**Exercise instructions:**
When the data below is printed, every line must match exactly and the images must be absent.

**Information provided:**
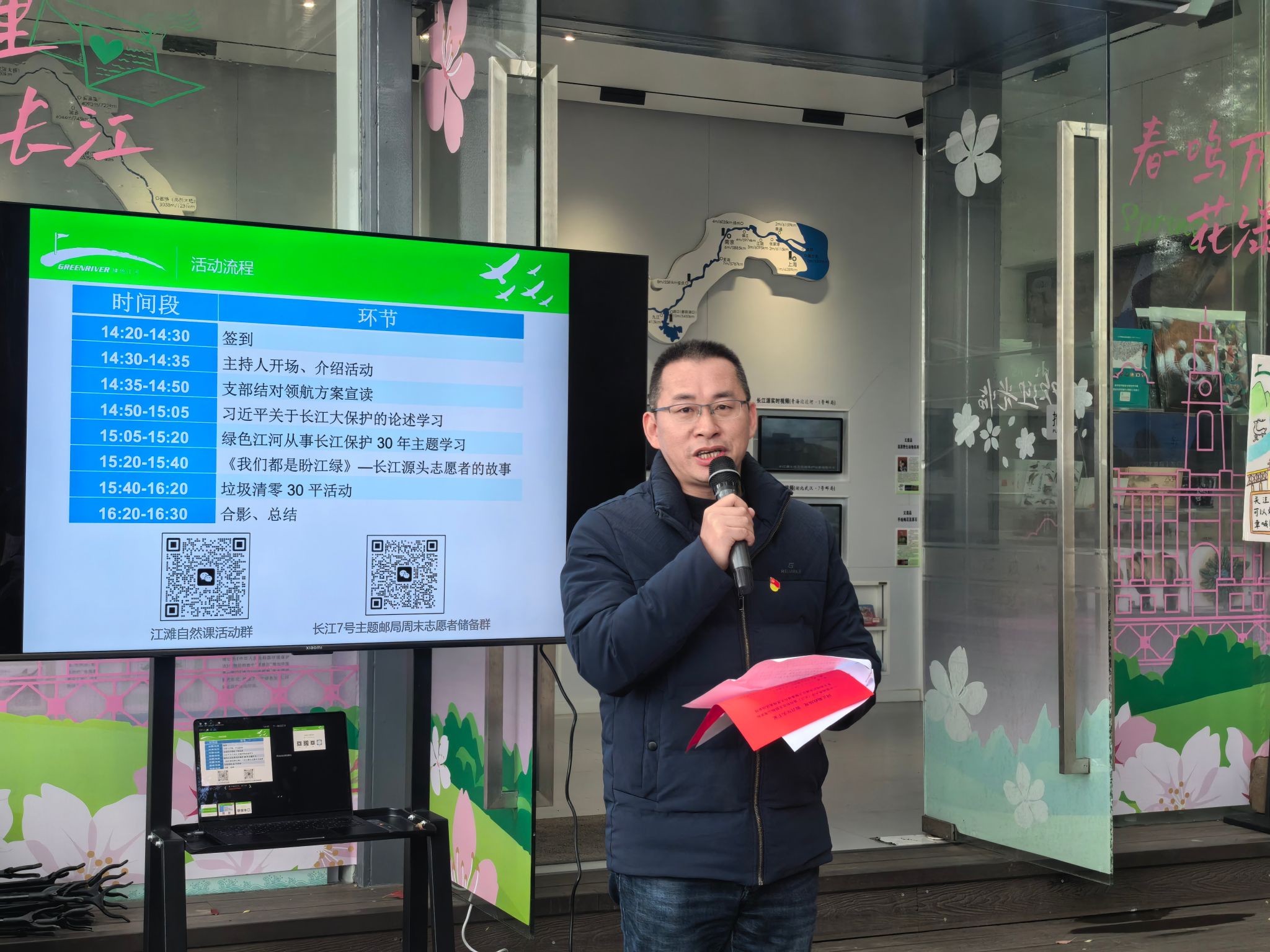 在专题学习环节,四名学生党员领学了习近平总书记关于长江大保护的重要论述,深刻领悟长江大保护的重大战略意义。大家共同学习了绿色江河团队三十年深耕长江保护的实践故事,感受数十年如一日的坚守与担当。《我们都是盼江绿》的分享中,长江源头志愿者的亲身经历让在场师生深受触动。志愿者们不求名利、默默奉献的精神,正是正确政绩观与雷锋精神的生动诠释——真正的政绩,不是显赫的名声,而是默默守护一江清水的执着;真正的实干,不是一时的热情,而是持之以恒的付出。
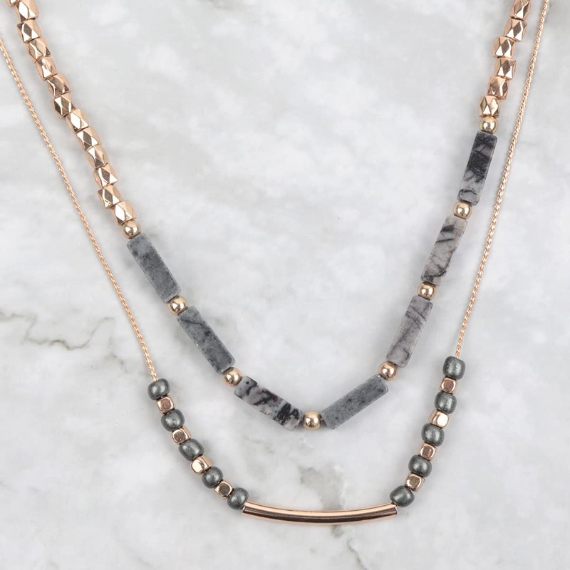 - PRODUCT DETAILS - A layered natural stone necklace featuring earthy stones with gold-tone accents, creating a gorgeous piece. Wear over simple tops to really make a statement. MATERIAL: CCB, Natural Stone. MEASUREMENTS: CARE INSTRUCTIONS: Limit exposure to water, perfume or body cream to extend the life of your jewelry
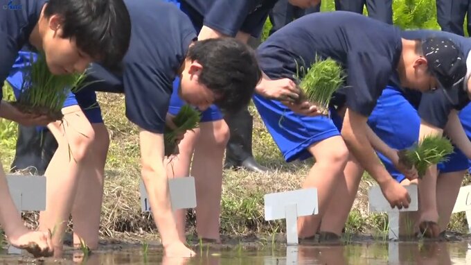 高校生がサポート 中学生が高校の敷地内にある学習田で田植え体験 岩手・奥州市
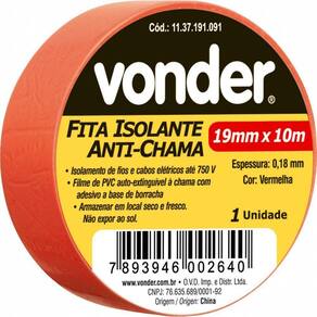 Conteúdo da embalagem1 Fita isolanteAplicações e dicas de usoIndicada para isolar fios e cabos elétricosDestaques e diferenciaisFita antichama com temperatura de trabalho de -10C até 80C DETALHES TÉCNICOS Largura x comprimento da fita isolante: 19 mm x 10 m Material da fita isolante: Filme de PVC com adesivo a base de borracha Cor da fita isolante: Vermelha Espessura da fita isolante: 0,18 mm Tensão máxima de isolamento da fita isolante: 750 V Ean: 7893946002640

**Result:**
 在专题学习环节,四名学生党员领学了习近平总书记关于长江大保护的重要论述,深刻领悟长江大保护的重大战略意义。大家共同学习了绿色江河团队三十年深耕长江保护的实践故事,感受数十年如一日的坚守与担当。《我们都是盼江绿》的分享中,长江源头志愿者的亲身经历让在场师生深受触动。志愿者们不求名利、默默奉献的精神,正是正确政绩观与雷锋精神的生动诠释——真正的政绩,不是显赫的名声,而是默默守护一江清水的执着;真正的实干,不是一时的热情,而是持之以恒的付出。
 - PRODUCT DETAILS - A layered natural stone necklace featuring earthy stones with gold-tone accents, creating a gorgeous piece. Wear over simple tops to really make a statement. MATERIAL: CCB, Natural Stone. MEASUREMENTS: CARE INSTRUCTIONS: Limit exposure to water, perfume or body cream to extend the life of your jewelry
 高校生がサポート 中学生が高校の敷地内にある学習田で田植え体験 岩手・奥州市
 Conteúdo da embalagem1 Fita isolanteAplicações e dicas de usoIndicada para isolar fios e cabos elétricosDestaques e diferenciaisFita antichama com temperatura de trabalho de -10C até 80C DETALHES TÉCNICOS Largura x comprimento da fita isolante: 19 mm x 10 m Material da fita isolante: Filme de PVC com adesivo a base de borracha Cor da fita isolante: Vermelha Espessura da fita isolante: 0,18 mm Tensão máxima de isolamento da fita isolante: 750 V Ean: 7893946002640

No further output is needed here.